Yes you are. It's inevitable. Relax and prepare.....


----------



## wonderings (Jun 10, 2003)

anyone know who is opening for Springsteen?


----------



## Oakbridge (Mar 8, 2005)

wonderings said:


> anyone know who is opening for Springsteen?


An empty stage and music playing over the sound system. Quite possibly it will be Ennio Morricone. 

In my 26 years (wow has it been that long?) of seeing him in concert, there has never been an opening act. Of course when you do a 2, 3, or 4 hour show, it's hard to leave time for anyone else.


----------



## Oakbridge (Mar 8, 2005)

HowEver said:


> There is a chance that 117 is 'obstructed view,' so you might be okay with 101.
> 
> Perhaps they'll add another (additional) show?


I believe that Ticketmaster is pretty good about listing that a seat is obstructed. 

I'm in 110 row 18 and that was the first response I got after clicking on refresh starting at 9:50 (ten minutes before the 10 am first sale time). I think I was in at 10:00 am on the dot. On the second machine (yes I was refreshing on alternate machines) which came up a few seconds later after the section 110 seats, I got General Admission which I would have been fine with if I was 20 years younger but I didn't feel like standing to wait for a wristband then wait for the lottery, and take my chances on getting up close. 

So I doubt that they would sell an obstructed seat as being 'better' than the GA tickets. 

As for the quick sellout, here are the stats from some other cities (from Backstreets as reported on September 6th):

"This morning, Belfast tickets sold out in 8 minutes, breaking Oasis' record at the venue. In the past week, London was also a frenzy; Oslo reportedly sold out in six minutes; Copenhagen in 15."

On that same link scroll down to find some information on the way General Admission tickets are being handled, as well as a bit of an explanation on why tickets are going so fast. 

Chances of a second show are slim, he's in Ottawa the night before, has a night off after the Toronto show, then plays New York for two nights. I'd say we'll see him back in North America in 2008, perhaps playing the other Canadian cities. 

Now if you've got a free day next Monday or Tuesday and you want to see him in a smaller setting, check out the rehearsal shows. $100 per ticket but at the Convention Centre in Asbury Park NJ. 

As for the 'better' section (117) coming up later, remember that the system holds seats for 2 minutes while you decide on them, then I think another 3 minutes while you check out.
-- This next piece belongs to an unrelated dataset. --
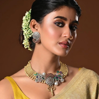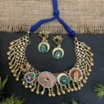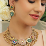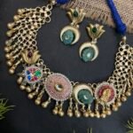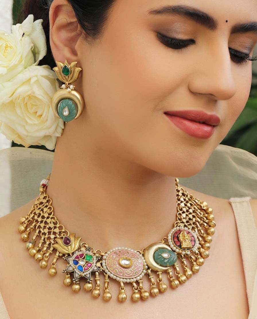 Soft pastel pink enamel work in the middle adds a gentle feminine touch, while the green carved stones bring freshness and contrast to the warm gold finish. Small pearl-like bead borders around selected motifs enhance the overall beauty and make the design look more luxurious. Tiny hanging golden drops at the bottom create gentle movement and give the necklace a classic ethnic style.

Somebody's credit card might have been declined (that would suck) or they might have been higher up in rows. There is some kind of calculation or rating that says that a farther section's lower rows are considered better than the closest sections higher rows. So you can't always go by the section number alone.


----------



## Fink-Nottle (Feb 25, 2001)

Just reporting back... the seat was fine and the show was phenomenal. While some shows build to a climax this one started full out and built from there. There was a good mix of music and the new material fit in really well; the new album has some great songs. It was cool to be in a packed stadium and be deafened by the crowd as well as the music. 
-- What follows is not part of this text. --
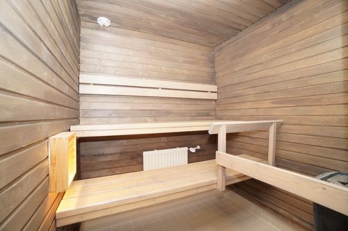 Kylpyhuone on kauttaaltaan laatoitettu ja erinomaisessa kunnossa sekä lisäksi kylpyhuoneesta löytyy oma sauna. Pyykinpesukoneelle varattu paikka, johon mahtuu pesutornikin tarvittaessa. Makuuhuoneessa on hyvin säilytystilaa ja erillinen iso vaatehuone.

The Star reported that it was a very political show but I think they overstate it. Bruce can't have talked for more than 2-3 minutes in the whole show and his songs, even the newest ones, are far from dialectic, although they obviously have a point of view.
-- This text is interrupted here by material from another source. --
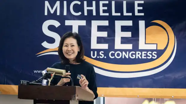 사진/ 오렌지카운티레지스터 (Rep. Michelle Steel addresses supporters at her election office in Buena Park, CA on Monday, Nov. 4, 2024....
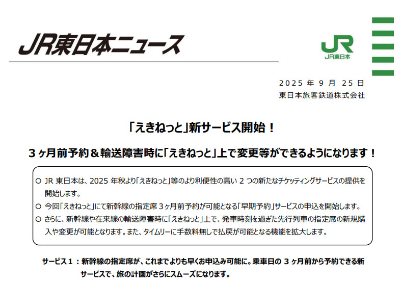 えきねっとで3カ月前からの早期予約が10月から開始。運休・遅延列車チケットの新規購入や予約変更も可能に

I think any future concerts are going to seem anticlimactic to me...


----------



## ArtistSeries (Nov 8, 2004)

Fink-Nottle said:


> Just reporting back... the seat was fine and the show was phenomenal. While some shows build to a climax this one started full out and built from there. There was a good mix of music and the new material fit in really well; the new album has some great songs. It was cool to be in a packed stadium and be deafened by the crowd as well as the music.
> 
> The Star reported that it was a very political show but I think they overstate it. Bruce can't have talked for more than 2-3 minutes in the whole show and his songs, even the newest ones, are far from dialectic, although they obviously have a point of view.
> 
> I think any future concerts are going to seem anticlimactic to me...


I saw him in Ottawa on Sunday.

It seemed he was having more fun when he was stretching out of his comfort zone but the E street band rarely followed. When the two members of Arcade Fire came on the stage, no one except for the youngin' seemed to care... that quickly changed as some of the more exciting moments were with them.

He did let out a small diatribe at trickery and lies and aimed a few barbs at Bush.
It was odd to hear him talk about giving to a food bank when the tickets were 300$ a pop...

I like the show but there seemed a few odd transitions in song choice (I'm not talking about the 3 songs in the key of G in a row). Concert started late (as per usual) but did not last long enough.

I was really surprised by the advanced age of his fan base - I felt so young....

Maybe the song selection was better in Toronto.

Here a link (from his site) of him onstage with Arcade Fire
http://media.brucespringsteen.net/non_secure/videos/071014_1S.mov


----------



## gwillikers (Jun 19, 2003)

I am soooooo jealous of you two.


----------



## Oakbridge (Mar 8, 2005)

ArtistSeries said:


> I saw him in Ottawa on Sunday.
> 
> It seemed he was having more fun when he was stretching out of his comfort zone but the E street band rarely followed. When the two members of Arcade Fire came on the stage, no one except for the youngin' seemed to care... that quickly changed as some of the more exciting moments were with them.
> 
> ...


I was in 110 seats 7 and 8. I was lined up dead even with them from the side. Sat beside a guy from Moncton who came to Toronto with his wife and 22 year old son just for the show. He usually goes down to Boston to see him. 

It was my first time being on Clarence's side and sadly he's moving pretty slow. Looks like he's got serious hip/knee problems. They have a chair for him to sit in during certain numbers. 

I go back to the River tour in Jan/81 but this was my first time seeing him since the reunion tour in 2000. I thought it was one of the best performances I've seen. At points I was watching him with Little Steven and was thinking "here's two guys who have been playing together for almost 40 years and it looks like they're just jamming in a garage or basement having lots of fun".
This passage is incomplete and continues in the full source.